How to get Duplicate rows in a file

Hi all,

I have written one shell script. The output file of this script is having sql output.

In that file, I want to extract the rows which are having multiple entries(duplicate rows).
For example, the output file will be like the following way.

===============================================================
<SH12_MC30_CE_VS_NY_HIST_T>

397 44847
400 33653
401 46455

<SH12_MC30_CE_VS_NY_HIST_T_BKP>

397 44847
398 40107
399 39338
400 33653

      In this output, I want numeric duplicate rows only. Suppose this file is having lines to separate the values, those lines also considered as duplicate rows. So I want only the out put from this file which is having more than one entry and which is related to numbers.

Can anyone please tell me the command?
Thanks in advance.

Regards,
Raghu.:slight_smile:

cat file1 file2 | \
   grep -v -e '^='  -e '^<' | \
   awk '{ arr[$0]++} END{ for (i in arr) { if(arr>1) { print i}  }}' > newfile

cat the files into grep to remove filenames in grep output, grep removes the header lines

Try this

#!/bin/ksh
sort $1 > sortedfile
nawk '{ while (getline < sortedfile >0); array[n++]=$0; compare and remove non dup record here}'
 
 
 
 
 
 
 

Hi Jim,

I could understand till second line of ur command.
I couldn't understand the awk part.
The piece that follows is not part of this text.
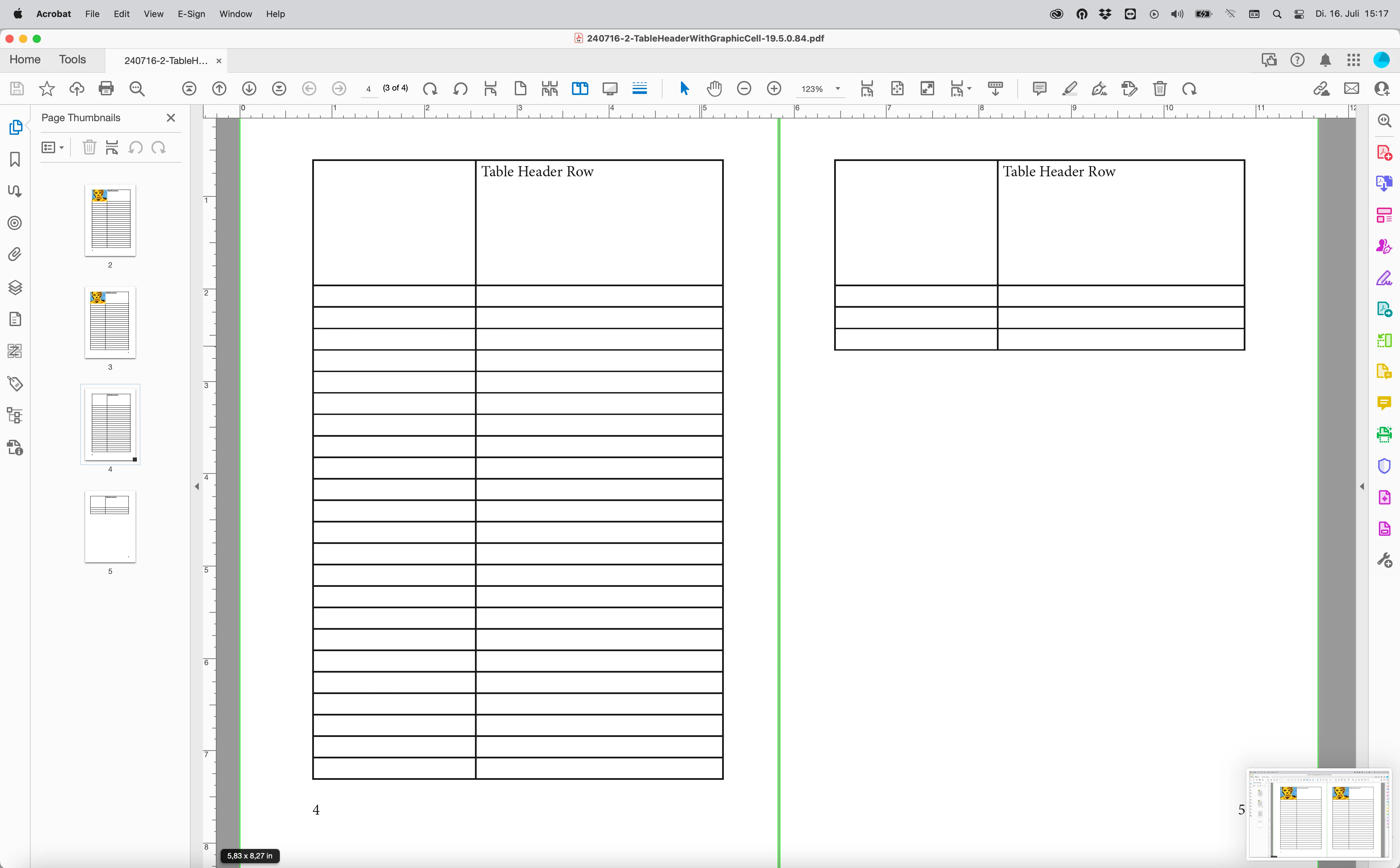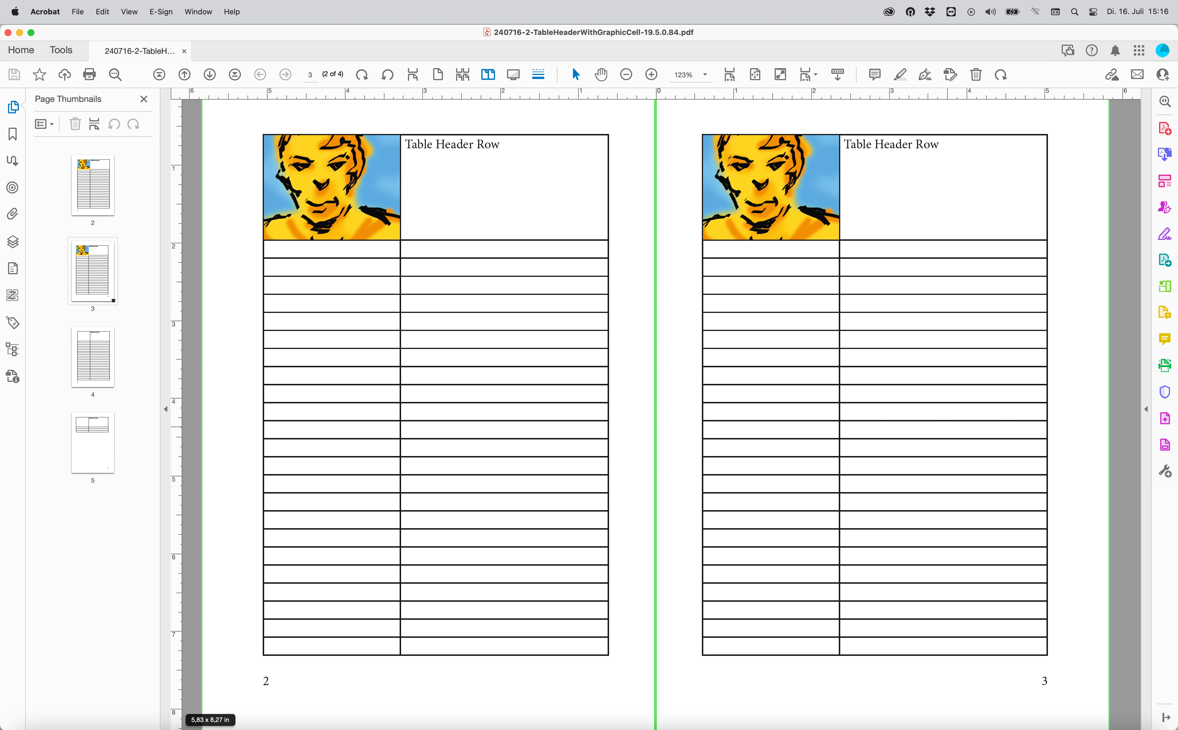 Hello Adobe Community I'm using Indesign and have created a table, the upper cells row I have done as Header and introduced an image in each cell. The header repeats in each single page after and this is fine. The problem appears when exporting in pdf where the header appears only on the first page and not on the followings. File was created with CS3 first than converted to the last indesign. Thanks alot for your help. Beppe

Becoz i dont know the awk features.
But it is working. Thank you very much for that. 'awk' is so nice.
Can you give any aother way to get it instead of awk.

Thanks & Regards,
Raghunadh.

nawk '/^[0-9]/ {a[$0]++} END {for (i in a) if (a>1) print i}' myOutputFile

Hi vgersh99,

Thank you very much for ur reply.
'nawk' command id nice. But I dont know the 'awk' functionalities. So if I put this command in my script then I cant explain this command to anyone. So can you please provide me the command instead of 'awk' and 'nawk'.

Thanks in advance,

Regards,
Raghu.

I used awk at end only to handle output format. This could be done with a cut command also, although extra care is necessary for positioning.

> cat file9
===============================================================
<SH12_MC30_CE_VS_NY_HIST_T>
===============================================================
397 44847
400 33653
401 46455
===============================================================
<SH12_MC30_CE_VS_NY_HIST_T_BKP>
===============================================================
397 44847
398 40107
399 39338
400 33653

> grep "^[0-9]" file9 | sort | uniq -cd
      2 397 44847
      2 400 33653

> grep "^[0-9]" file9 | sort | uniq -cd | awk '{print $2" "$3}'
397 44847
400 33653

and, if your really don't want awk

> grep "^[0-9]" file9 | sort | uniq -cd | tr -s " " | cut -d" " -f3-4
397 44847
400 33653

Added quicker way -->

> grep "^[0-9]" file9 | sort | uniq -d 
397 44847
400 33653

Hi joeyg,

Thank you very much.

Regards,
Raghu.